Andy Murray overcame the wind, the U.S. Open defending champion and the weight of three-quarters of a century of tennis history to capture his first Grand Slam title and a golden opportunity as an endorser.
Murray, 25, knocked off Novak Djokovic of Serbia in five sets last night at the rain-delayed U.S. Open in New York to become the first male British Grand Slam champion since Fred Perry in 1936. Murray’s 7-6 (12-10), 7-5, 2-6, 3-6, 6-2 victory tied for the longest U.S. Open final at 4 hours, 54 minutes.
Murray’s victory ended a lock on major titles by Roger Federer, Rafael Nadal and Djokovic, who combined to win 29 of the previous 30. The result is an opportunity to earn millions as one of the sporting world’s most recognizable stars, sports marketers said.
“A win at the U.S. Open, coupled with his Olympic victory, will bring him untold riches,” Alan Seymour, a professor of sports marketing at the U.K.’s University of Northampton, said in an interview shortly before the final, estimating that Murray’s earnings might increase “five- to 10-fold.”
Murray’s off-court earnings were estimated at close to 7 million pounds ($11 million) by Nigel Currie, director of London-based sports marketing agency brandRapport. His income could “more than double” because of the unique nature of how long Britain waited for a major champion, Currie said.

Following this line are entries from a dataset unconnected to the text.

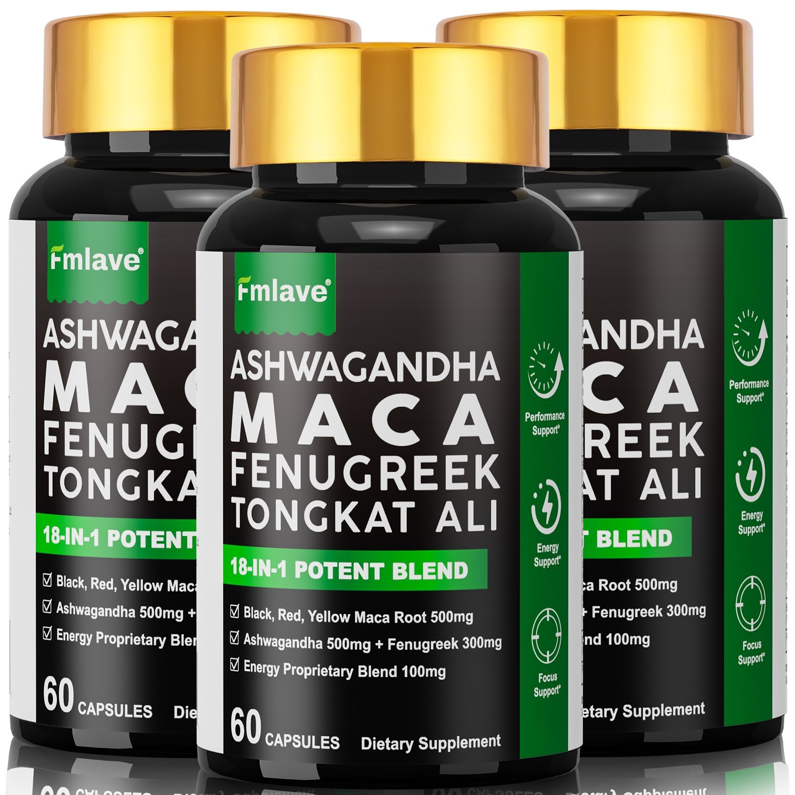 Ingredients: Ashwagandha, Black Maca, Black Pepper (Piper nigrum), Fenugreek (Trigonella foenum-graecum), Ginseng, Maca, Tongkat Ali (Eurycoma longifolia)
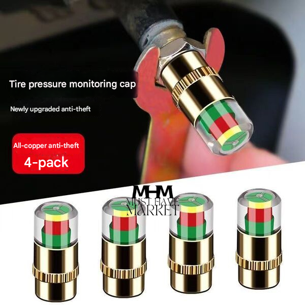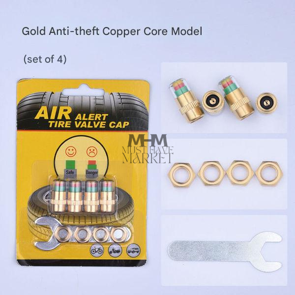Tire Pressure Indicator Valve Stem Caps (3‑Color Air Alert) – Anti‑Theft Copper Core
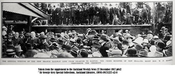 On 18 December 1917 in front of a large crowd at the Raetihi station, Premier, the Right Hon. W.F. Massey officially opened the line. That day six return train trips to the Junction were well patronised. An evening celebration banquet was held in the Raetihi Drill Hall. On 19 March 1918 a relief train took about 200 frightened folk from Raetihi to escape the terrible fire that swept through the district. That year two mixed passenger/freight trains ran daily. Trips took about 35 minutes at maximum 40 km/hour and reduced 10 and 32 km speeds over the Mangawhero river’s road/rail bridge at Makaranui. In March 1919 a Saturday service was approved and popular.
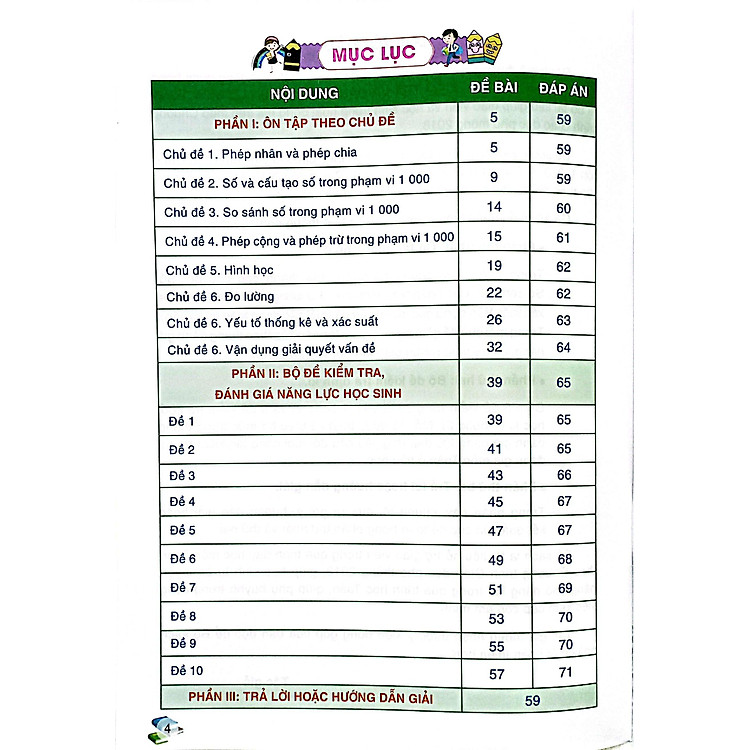 Trong phần này, chúng tôi phân chia thành các chủ đề: Số, So sánh số, Các phép tính, Hình học, Đo lường, Yếu tố thống kê và xác suất. Vận dụng giải quyết vấn đề (giải các dạng toán có lời văn). Trong mỗi chủ đề gồm hệ thống bài tập sắp xếp theo thang đánh giá năng lực ba mức (nhận biết, kết nối và vận dụng).

“There are only a few truly global sports stars,” Currie said in an interview before the match, suggesting companies that typically sponsor big events such as the Olympics or the soccer World Cup would be keen to sign Murray. “To reach every part of the globe is very hard, but top players in golf and tennis can do it.”
No. 8 Earner
Murray’s on- and off-court annual earnings are estimated at $12 million, according to Forbes magazine, which last month listed him as No. 8 among the best-paid tennis players. He collected $1.9 million for winning the Open. Federer of Switzerland, the winner of 17 major singles titles, is the sport’s top earner with $54.3 million. He’s followed by Nadal of Spain, the French Open winner who was absent from the U.S. Open with a knee injury, at $32.4 million.
Battling swirling winds when the final began at 4 p.m. New York time in Arthur Ashe Stadium, Djokovic and Murray played a defensive 87-minute first set that included several long rallies, including one that lasted 54 shots.

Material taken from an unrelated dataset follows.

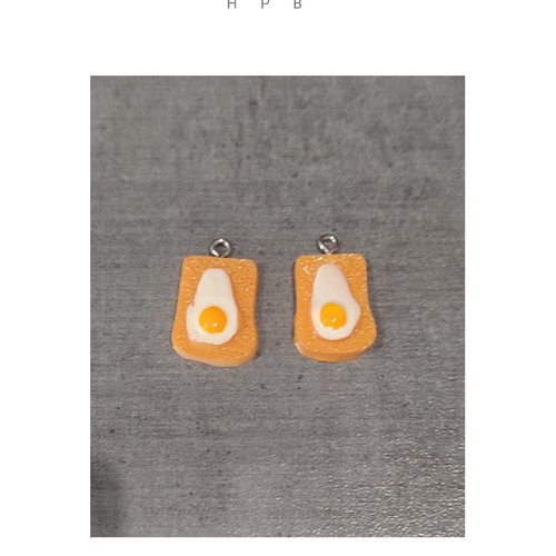 Lot de 2 breloques résine en forme de toast
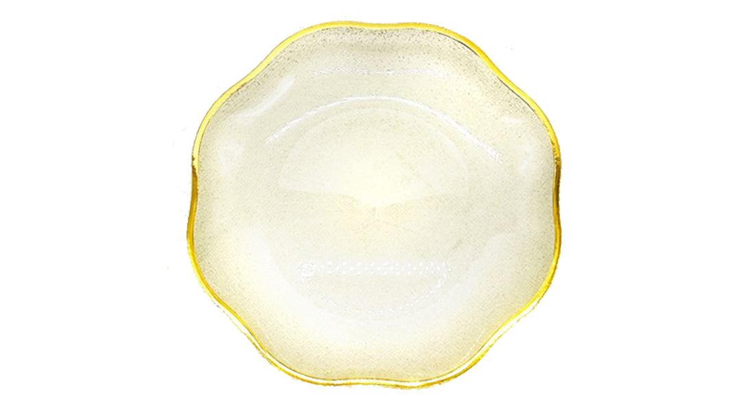 צלחת פטל חד פעמית קשיחה בצבע זהב שקוף עם שוליים בצבע זהב היא הבחירה המושלמת לכל אירוע חגיגי שילוב של עיצוב יוקרתי עם נוחות מקסימלית הופך אותה לאידאלית לאירועים גדולים וקטנים כאחד הצלחת משדרגת את שולחן האירוח ומוסיפה ברק ואלגנטיות לכל שולחן חג או מסיבה.

The tiebreaker itself went 24 minutes, with two rallies of more than 30 shots. It ended after 22 points when Djokovic’s return sailed long on Murray’s sixth set point.
Djokovic dropped the first four games of the second set and then began to show signs of the form that helped him win five Grand Slams, breaking Murray’s serve twice before dropping the set on his own serve.

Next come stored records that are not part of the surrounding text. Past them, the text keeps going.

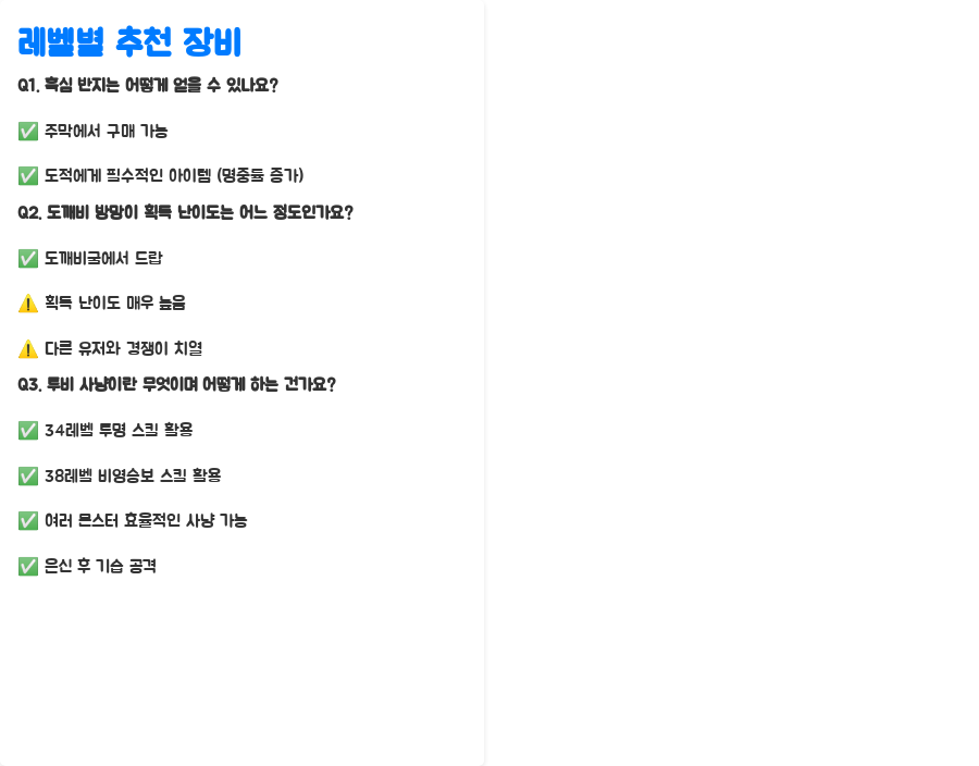돈이 부족한 초보 시절에는 특히나 고민이 될 텐데요. 걱정 마세요! 이 가이드에서는 레벨 구간별로 최적의 무기와 장비를 추천해 드립니다.
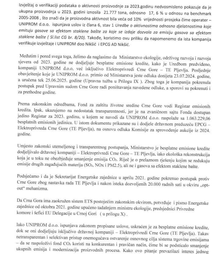 "Nevjerovatno je da u svakom trenutku kada se Uniprom ili neka crnogorska kompanija sprema za veći progresivni korak, nađe se neko iz politike da postavlja prepreke", poručeno je iz kompanije Uniprom nakon saopštenja potpredsjednika Vlade Moma Koprivice u kojem je naveo kako su emisioni krediti bili osmišljeni kao mehanizam bogaćenja, a ne zaštite životne sredine.
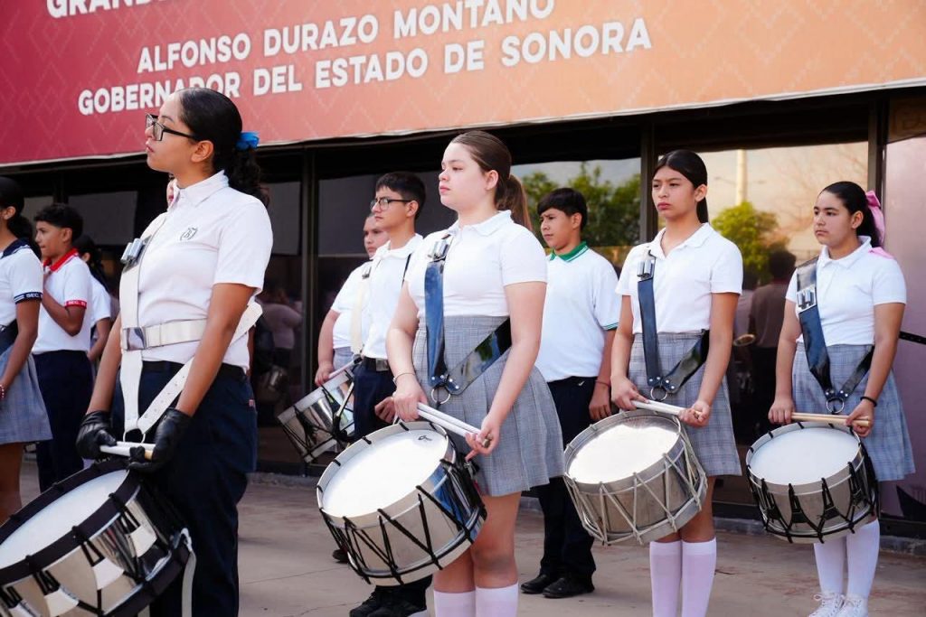 El funcionario estatal refrendó el compromiso de brindarles acompañamiento para que se conviertan en la mejor Banda de Guerra Monumental de México y un ejemplo positivo para las niñas, niños y adolescentes de Sonora.
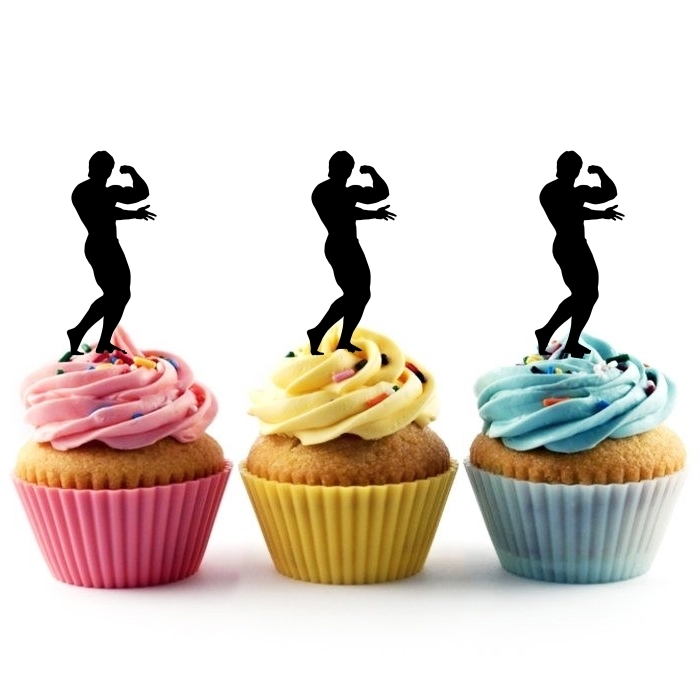 Muscle Fitness Man Cupcake 10 Toppers Laser Cut Acrylic for Wedding Birthday Baby Shower Bachelorette Engagement Party Decor
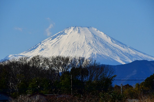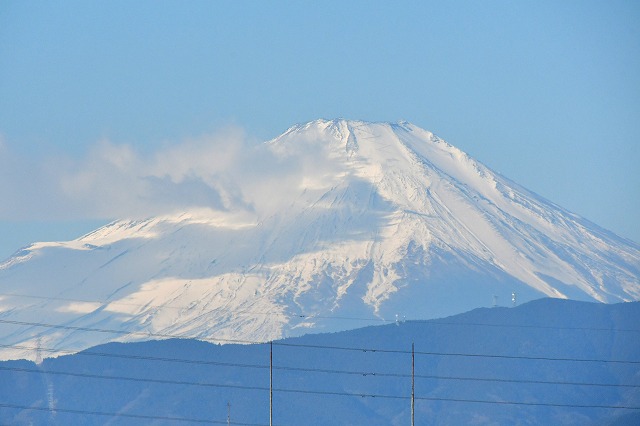 今朝10時近くの富士。山の写真としては時間的にちょっと遅い。光線がだいぶフラットになっている。眼を右にやると、丹沢主脈の峰々。昨日の下界での雨は丹沢にだいぶ雪をもたらした様子。中央のなだらかな峰は丹沢山。そして右端は丹沢の最高峰蛭が岳。眼をさらに右に向けると、そこには奥多摩の名峰大嶽山が。潜水艦のような山の形なのですぐ分かる。奥多摩の山々は三頭山をはじめいくつか登っているが、この大嶽山だけは敬遠していた。というのは山小屋の管理人の気がおかしいというもっぱらの噂だったのだ。でも、それはもう何十年も前の話。今はそのようなことはないのだろう。

Djokovic won the next two sets more easily, holding all of his serves while breaking Murray’s twice in each frame.
In the fifth set, he broke Djokovic’s serve three times before gaining the title as the Serbian’s forehand landed beyond the baseline. Murray didn’t fall to the ground as many champions do. Instead, he took several steps without even raising his arms, as if in disbelief that he had finally overcome his biggest career obstacle.
“When you’re on the court, you don’t necessarily feel it,” Murray said at a news conference, sitting beside the championship trophy. “But I know when I was serving for the match, there’s a sense of how big a moment that is in British tennis history.”
The victory will pay dividends in endorsement deals and sponsorships long after he retires, said Scott Becher, managing director of Z Sports & Entertainment, a division of Fort Lauderdale, Florida, based Zimmerman Advertising.
“By winning the U.S Open, Andy Murray cemented his legacy,” Becher said in a telephone interview. “Playing well helps your career while you’re active, but winning Grand Slams defines your legacy after you retire.”
Murray’s limited awareness among American consumers could hinder his endorsement potential, said Henry Schafer, executive vice president of Manhasset, New York-based Q Scores, which measures consumer appeal in brands and personalities. The company’s most recent study, released this month, showed Murray, a Scot, was recognized by 15 percent of the U.S. population, compared with 40 percent for Federer.
“One of the things that Murray needs is to get more exposure outside of the sport if he’s going to look for growth in marketability,” Schafer said in a telephone interview. “That means getting on talk shows or making public appearances, just to expand the demographic of people who know him and the perspective on his personality.”
During the final, which ended after 2 a.m. in Britain, Murray got plenty of worldwide television time, playing a men’s final that tied Mats Wilander’s win over Ivan Lendl -- who is now Murray’s coach -- for the longest in U.S. Open history.
Murray, who at times been regarded by some people in Britain as “a bit dour” according to Seymour, gained supporters after sobbing following his Wimbledon final loss to Federer.
“That was the moment when some brands probably realized that there could be a different side to Andy Murray,” Seymour said.
Last night Murray shed tears of joy, having fulfilled his own dreams and those of his nation’s tennis fans. He also showed his lighter side, drawing laughter from media members when discussing the weight of British expectations placed on his tennis career.
“I’m proud that I managed to achieve it,” he said. “And I don’t have to get asked that stupid question again.”